What we did was execute the singularity image “python_deb” using the exec command. We added an extra command onto the end “python –version”, which printed out the version of python in python_deb, you can run this same command on you computers bash terminal and it will print out the version of python installed on your computer.

Now save the following script as python_primes.py and run it using the python_deb image.

Python script

import pandas as pd

lower = 2
upper = 5000

df = []

for num in range(lower, upper + 1):
   # all prime numbers are greater than 1
   if num > 1:
       for i in range(2, num):
           if (num % i) == 0:
               break
       else:
           df.append(num)
pd.DataFrame(df).to_csv('python_primes.csv')
name@name-VirtualBox:~$ singularity exec python_deb python ~/Documents/pythonScript.py
Traceback (most recent call last):
  File "/home/brett/Documents/pythonScript.py", line 1, in <module>
    import pandas as pd
ModuleNotFoundError: No module named 'pandas'

What is wrong??

Solution

The image we pull contains python, but does not contain the pandas package required to run our python_primes.py script.

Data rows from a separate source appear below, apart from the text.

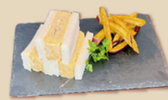
あま〜いだしまき玉子サンド ¥660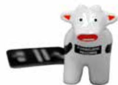
キーホルダー (牛) 7cm x 3.5cm x 5cm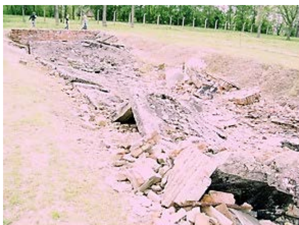
Фото 16: Предполагаемая газовая камера крематория 2.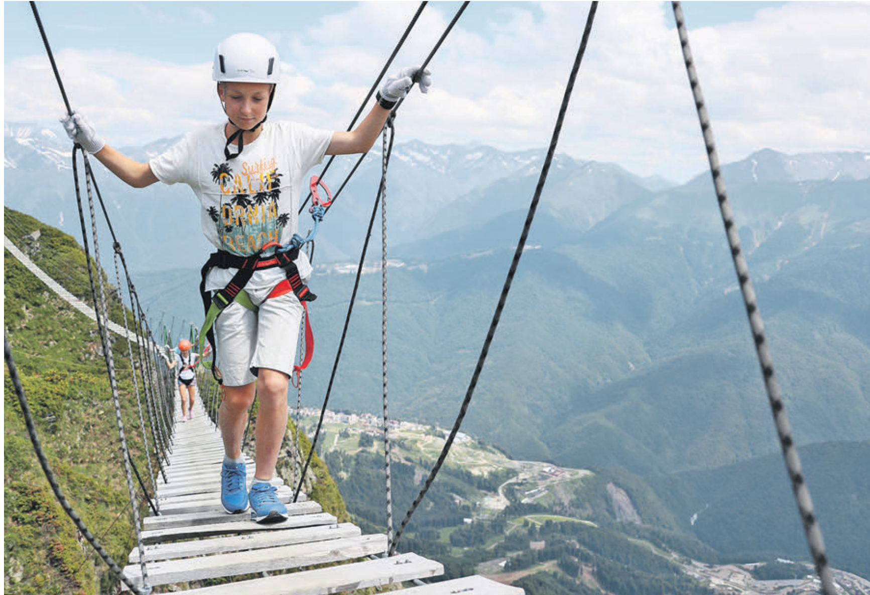
19 июня 2019 года. Россия. Сочи. Дети во время прохождения по подвесному мосту на территории горнолыжного курорта «Роза Хутор». Краснодарский край вне зависимости от сезона лидирует в списке самых популярных направлений среди столичных туристов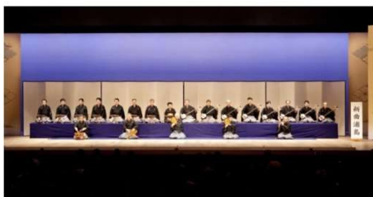
紺毛氈・鳥の子屏風 8挺8枚 囃子入 (歌舞伎座)

Lets explore this a bit further. Singularity has a command “shell” that lets you enter the bash terminal within the running singularity container. Remember, the singularity image python_deb has a debian OS (linux distribution), which contains a bash terminal. So we can enter python using the bash terminal and see if pandas is installed.

name@name-VirtualBox:~$ singularity shell python_deb
Singularity> 

Now were in the bash terminal within the running container, we can open python just as we can on any OS. So lets open python and see if pandas is installed by using the python “import” command.

Singularity> python
Python 3.6.8 (default, Jun  3 2019, 08:42:23) 
[GCC 6.3.0 20170516] on linux
Type "help", "copyright", "credits" or "license" for more information.
>>> import pandas
Traceback (most recent call last):
  File "<stdin>", line 1, in <module>
ModuleNotFoundError: No module named 'pandas'
>>>

Ok, how do we fix this.

Remember one of the amazing benefits of using singularity images is that they are reproducable? Well we need to include pandas in the image in a way that is reproducable. We can do this in 2 ways. 1. pull an image that includes pandas in the image. 2. Build an image from scratch using a singularity definitions file that specifies everything that we would like in our image. Next we will look at building an image from scratch using a definitions file. However, there is an example of pulling an image that contains pandas in the next lesson “Containerisation practice”.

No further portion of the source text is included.